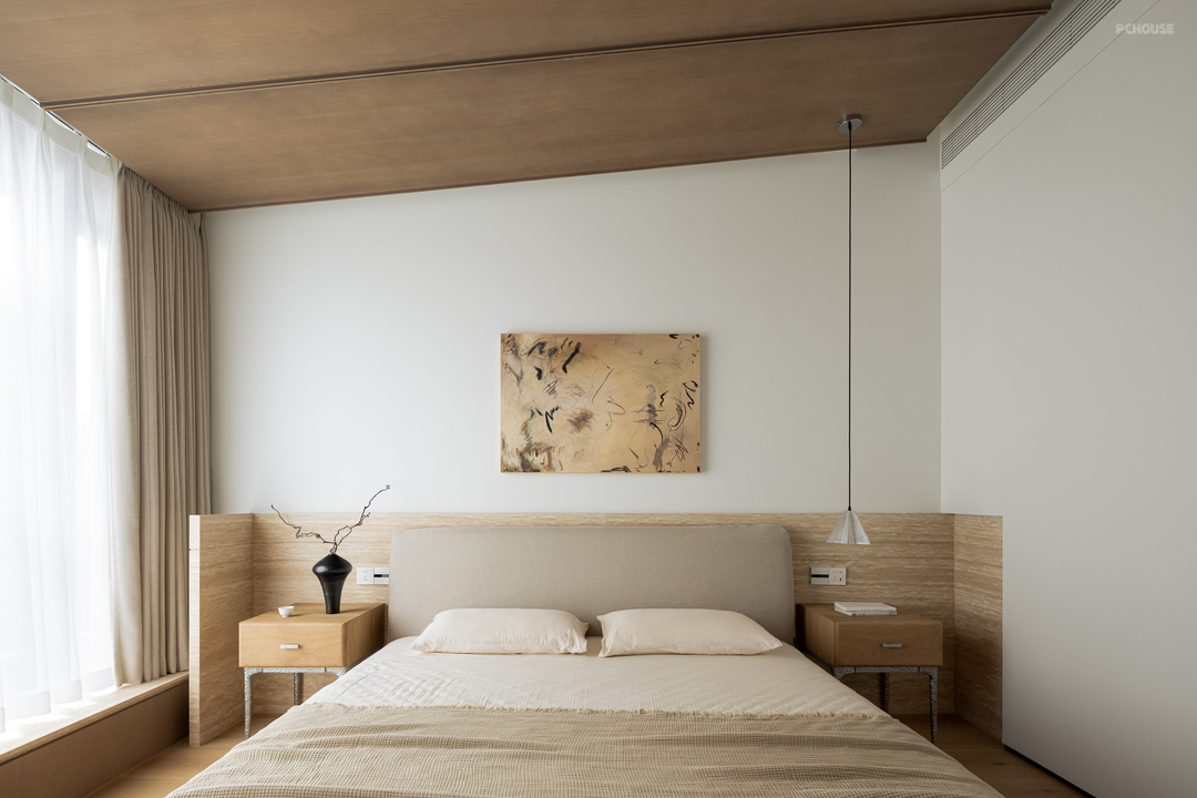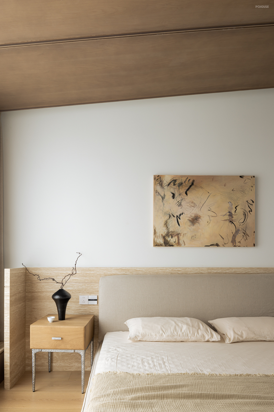 简淡雅意,暖光铺韵,隐匿着的宁静祥和由画及室。在看似重复的元素间加入亮点,以现代与含蓄的东方韵律抒写空间情调,烘托出一个消弭了距离感的生活境域。
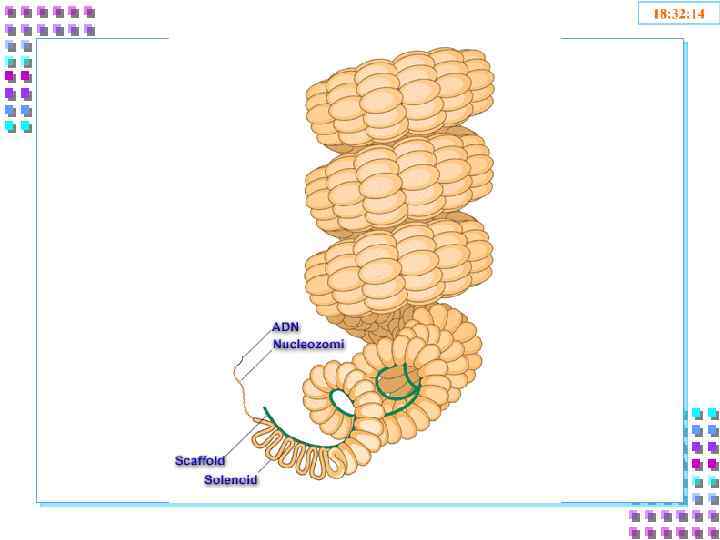 II уровень – соленоид • • • Нить хроматина 30 nm; Степень конденсации – x 40 раз; Механизм образования: • Фосфорилирование H 1 сверхспирализация полинуклеосомной нити – по 6 нуклеосом в витке; • Блокирование транскрипции ДНК.
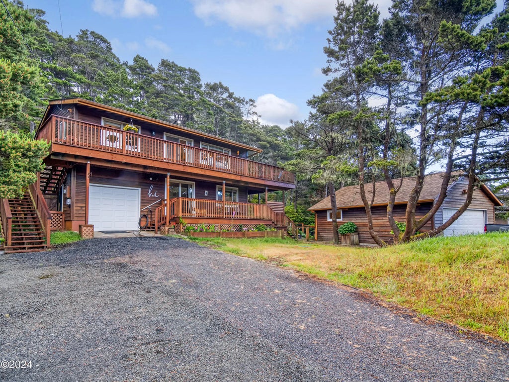 Tucked in the trees and just a couple blocks to the beach this well maintained 3 bedroom 2 bath home with ocean peeks has many upgrades including newer kitchen with hickory cabinets and granite counters, laminate floors, new deck. There is a family room on the lower level with a bedroom and bath providing an extended area for guests. The oversized double lot has generous and private outdoor space with an additional 2-car detached garage that has a finished guest /hobby room. Additional features include a newly built greenhouse for the gardening enthusiast. Just a couple blocks away, you'll find the Bayshore swimming pool, clubhouse, and convenient beach access to either the bay or the ocean. Don't miss the opportunity to own this beautifully updated home in an unbeatable location
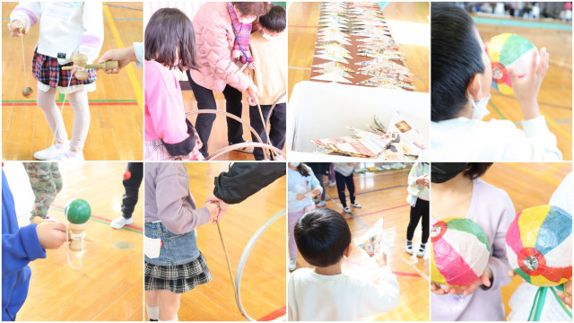 12/9(金) 一年生の生活科「昔遊びの達人になろう」の学習でコロナ禍でしばらくなかった昔遊び体験が行われました
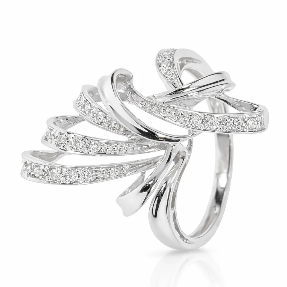 A gyűrű masni jellegű kialakítása elegáns és nőies karaktert ad a megjelenésnek, miközben modern, dinamikus formája igazán egyedivé teszi viselője stílusát. A fényes polírozott fehér arany felület kiemeli a gyémántok ragyogását és különleges fényjátékot biztosít.
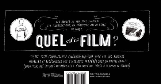 Une ballade subjective à travers l'histoire du cinéma : devinez le titre de cent films célèbres grâce à six dessins, six détails qui évitent les figures de stars ou les scènes les plus connues. Un livre-jeu en hommage au septième art, qui fait sensation aux Etats-Unis.
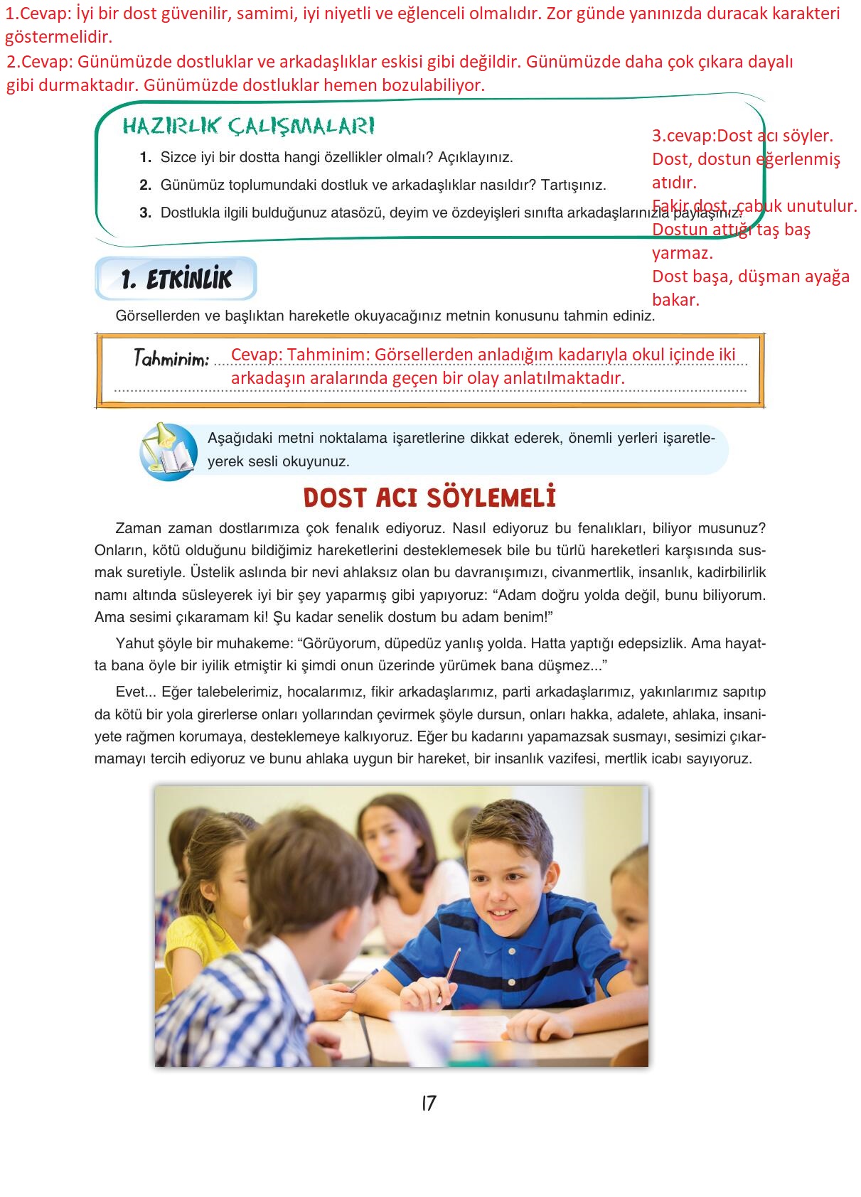 7. Sınıf Türkçe Ders Kitabı Dörtel Yayıncılık Sayfa 17 Cevapları
::::
WHAT YOU NEED TO DO | Your response must consist of the lines from the beginning of the data through the line containing "12/9(金) 一年生の生活", transcribed exactly, with no pictures.

EXPECTED ANSWER |
 简淡雅意,暖光铺韵,隐匿着的宁静祥和由画及室。在看似重复的元素间加入亮点,以现代与含蓄的东方韵律抒写空间情调,烘托出一个消弭了距离感的生活境域。
 II уровень – соленоид • • • Нить хроматина 30 nm; Степень конденсации – x 40 раз; Механизм образования: • Фосфорилирование H 1 сверхспирализация полинуклеосомной нити – по 6 нуклеосом в витке; • Блокирование транскрипции ДНК.
 Tucked in the trees and just a couple blocks to the beach this well maintained 3 bedroom 2 bath home with ocean peeks has many upgrades including newer kitchen with hickory cabinets and granite counters, laminate floors, new deck. There is a family room on the lower level with a bedroom and bath providing an extended area for guests. The oversized double lot has generous and private outdoor space with an additional 2-car detached garage that has a finished guest /hobby room. Additional features include a newly built greenhouse for the gardening enthusiast. Just a couple blocks away, you'll find the Bayshore swimming pool, clubhouse, and convenient beach access to either the bay or the ocean. Don't miss the opportunity to own this beautifully updated home in an unbeatable location
 12/9(金) 一年生の生活科「昔遊びの達人になろう」の学習でコロナ禍でしばらくなかった昔遊び体験が行われました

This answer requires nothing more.